**First ask students to look at the table below. What do you notice? What does it make you wonder?**

Team | Team Payroll | Wins | Sport | Season |
---|---|---|---|---|

N.Y. Yankees | $223,302,212 | 95 | MLB | 2012 |

Oakland A's | $59,493,290 | 94 | MLB | 2012 |

Philadelphia Flyers | $71,072,500 | 47 | NHL | 2011 - 12 |

New York Islanders | $29,573,500 | 34 | NHL | 2011 - 12 |

Minnesota Vikings | $123,553,646 | 10 | NFL | 2011 - 12 |

Jacksonville Jaguars | $92,768,120 | 2 | NFL | 2011 - 12 |

New York Knicks | $117,024,192 | 36 | NBA | 2011 - 12 |

Charlotte Bobcats | $38,032,540 | 7 | NBA | 2011 - 12 |

In this activity students compare team wins with team salaries in the four major North American sports ... the NBA, NFL, MLB and NHL. Students use data from recent seasons to create scatter plots comparing wins and salaries for each sport. You can run the lesson anyway you wish.

We recommend breaking the class up into small groups and having each group create a scatter plot for only one sport. Have a group or groups from each sport share their scatter plot using poster presentations or with a document camera. When setting up plots, students will need to carefully consider which variable goes on which axis - independent versus dependent variable and the scales for each axis.

Start the lesson by looking at the data table at the top of this post. Give kids time to think about the table, take questions ... why the big difference in payrolls? Is this fair? Hopefully through class discussion you can land on: Does spending a lot on the team translate to greater success?
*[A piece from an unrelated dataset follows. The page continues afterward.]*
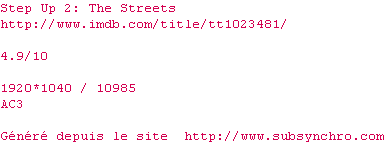 Voir le nfo de la release Step.Up.2.The.Streets.1080p.Bluray.x264-1920

Before giving them the data, you might ask them what information would be helpful for answering that question. Let them generate ideas as to what would be helpful data.

The student handout guides students through this exploration: setting up the scatter plot, reflection questions to consider during the group task and finally reflection questions during the whole group sharing.

*Extensions:* It might also be interesting to look at how different groups plotted the same data set. How does the scale effect the plot and how we see the data? Another idea is to use this data for linear modeling. The NHL data sets itself up nicely for a line of best fit.

**We have two different activity guides. **

Data for both activities: BasketballStats.pdf FootballStats.pdf HockeyStats.pdf BaseballStats.pdf

**For middle school students,**the lesson focuses on the 8th grade CCSS around scatter plots, association, outliers and clusters. Payrolls-vs-wins.pdf

**CCSS: 5.G.1, 5.G.2, 6.SP.2, 6.SP.5, 8.SP.1, 8.SP.2, 8.SP.3, HSS.ID.6**

**For high school students**the lesson focuses on high school CCSS, such as correlation coefficients and distinguishing between correlation and causation. HS-team-payrolls-vs-wins.pdf

**CCSS: HSS.ID.C.8, HSS.ID.C.9, HSS.ID.B.6**

For members we have an Excel sheet of the data, editable graph blanks, editable Word docs and solutions.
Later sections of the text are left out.